:: ABOUT THIS EXERCISE ::
Omitting the pictures, print every line below exactly as it stands.

:: EXERCISE DATA ::

BEGIN

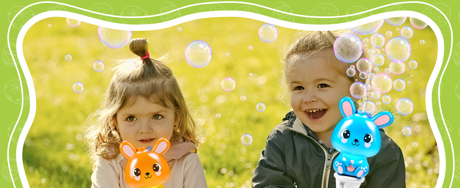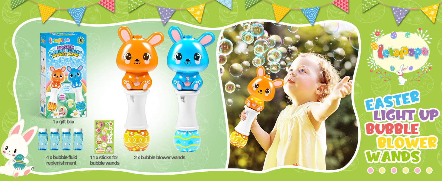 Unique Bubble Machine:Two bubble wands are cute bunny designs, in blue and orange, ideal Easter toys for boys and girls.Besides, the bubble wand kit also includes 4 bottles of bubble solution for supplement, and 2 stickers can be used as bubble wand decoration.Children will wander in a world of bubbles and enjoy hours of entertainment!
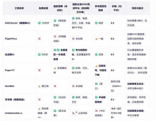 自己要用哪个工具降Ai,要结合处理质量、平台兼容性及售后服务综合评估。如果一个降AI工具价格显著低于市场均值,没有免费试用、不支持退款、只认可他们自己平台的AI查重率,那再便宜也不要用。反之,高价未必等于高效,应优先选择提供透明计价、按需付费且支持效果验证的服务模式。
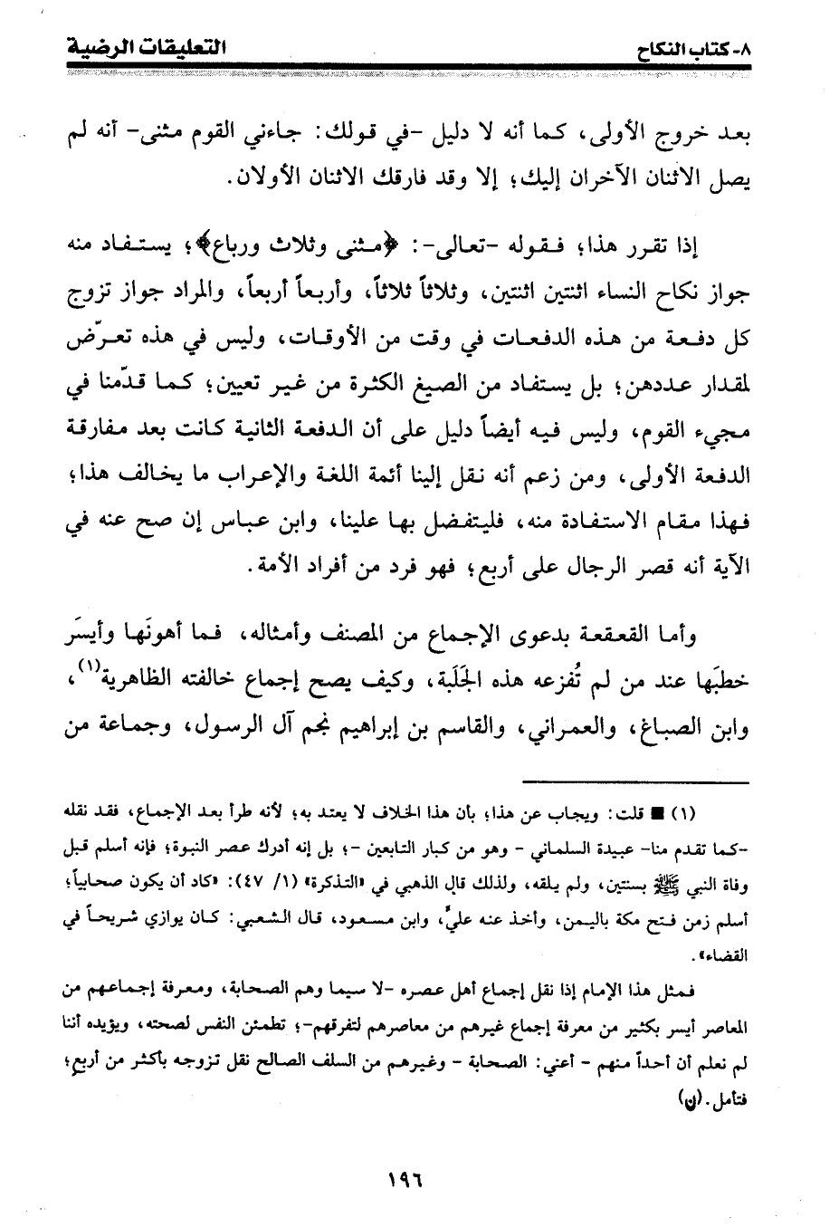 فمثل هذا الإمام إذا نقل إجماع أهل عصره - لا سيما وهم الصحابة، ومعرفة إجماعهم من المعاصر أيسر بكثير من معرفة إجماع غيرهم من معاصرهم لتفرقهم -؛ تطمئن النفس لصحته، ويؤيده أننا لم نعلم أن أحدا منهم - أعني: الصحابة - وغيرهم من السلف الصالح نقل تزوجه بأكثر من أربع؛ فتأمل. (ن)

END

:: EXERCISE RESPONSE ::
 Unique Bubble Machine:Two bubble wands are cute bunny designs, in blue and orange, ideal Easter toys for boys and girls.Besides, the bubble wand kit also includes 4 bottles of bubble solution for supplement, and 2 stickers can be used as bubble wand decoration.Children will wander in a world of bubbles and enjoy hours of entertainment!
 自己要用哪个工具降Ai,要结合处理质量、平台兼容性及售后服务综合评估。如果一个降AI工具价格显著低于市场均值,没有免费试用、不支持退款、只认可他们自己平台的AI查重率,那再便宜也不要用。反之,高价未必等于高效,应优先选择提供透明计价、按需付费且支持效果验证的服务模式。
 فمثل هذا الإمام إذا نقل إجماع أهل عصره - لا سيما وهم الصحابة، ومعرفة إجماعهم من المعاصر أيسر بكثير من معرفة إجماع غيرهم من معاصرهم لتفرقهم -؛ تطمئن النفس لصحته، ويؤيده أننا لم نعلم أن أحدا منهم - أعني: الصحابة - وغيرهم من السلف الصالح نقل تزوجه بأكثر من أربع؛ فتأمل. (ن)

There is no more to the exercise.